YOUR GOAL
What is needed is an exact transcription of the listing, with the images removed.

*** DATA BELOW ***

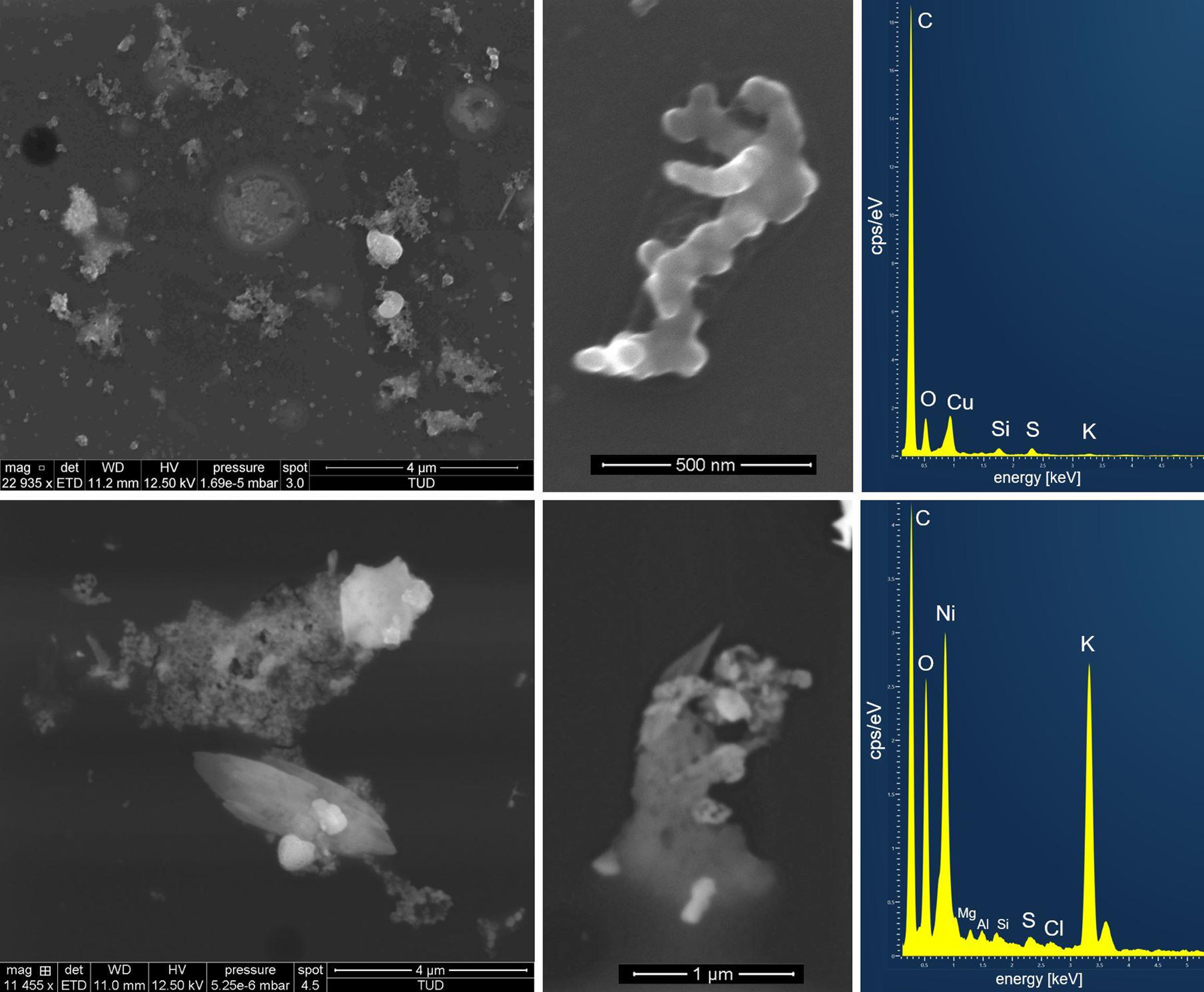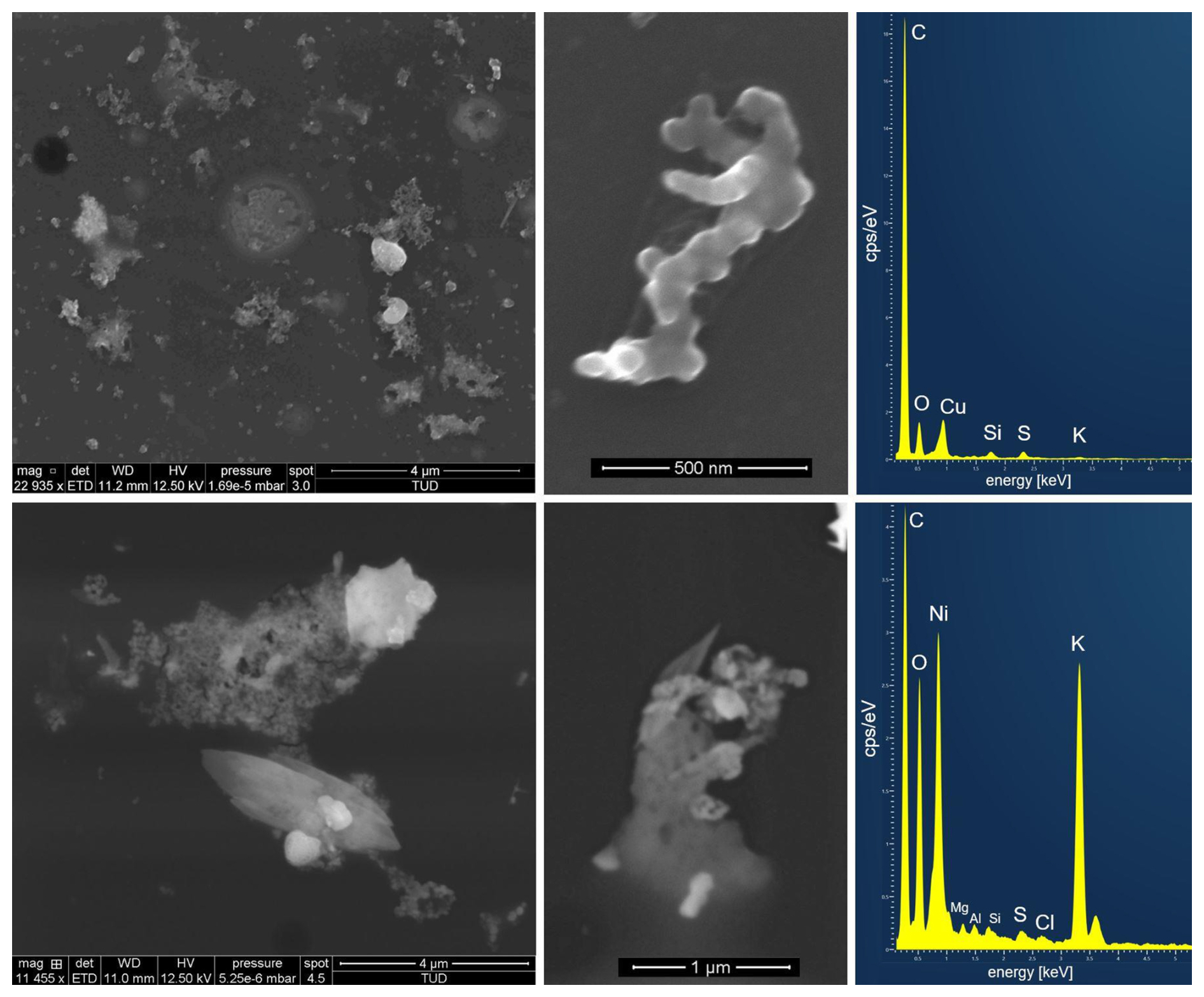 Figure 6Secondary electron images and referring energy dispersive X-ray spectra of (upper row) two typical soot like BB particles and (lower row) two typical K-rich BB particles from the investigated sample (Ni and Cu-peaks in the spectrum are due to the Ni-grids respectively the Cu-grid holder used in SEM analysis).
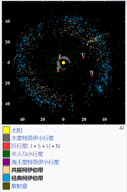 - 小行星中心:外太阳系分布图, 用于展示柯伊伯空隙
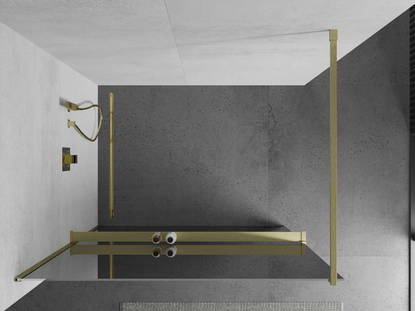 Mexen Kioto+ parete doccia con mensola Walk-in 100 x 200 cm, specchio, oro spazzolato - 800-100-121-55-50

*** End of DATA BELOW ***

SOLUTION FOR THIS TASK
 Figure 6Secondary electron images and referring energy dispersive X-ray spectra of (upper row) two typical soot like BB particles and (lower row) two typical K-rich BB particles from the investigated sample (Ni and Cu-peaks in the spectrum are due to the Ni-grids respectively the Cu-grid holder used in SEM analysis).
 - 小行星中心:外太阳系分布图, 用于展示柯伊伯空隙
 Mexen Kioto+ parete doccia con mensola Walk-in 100 x 200 cm, specchio, oro spazzolato - 800-100-121-55-50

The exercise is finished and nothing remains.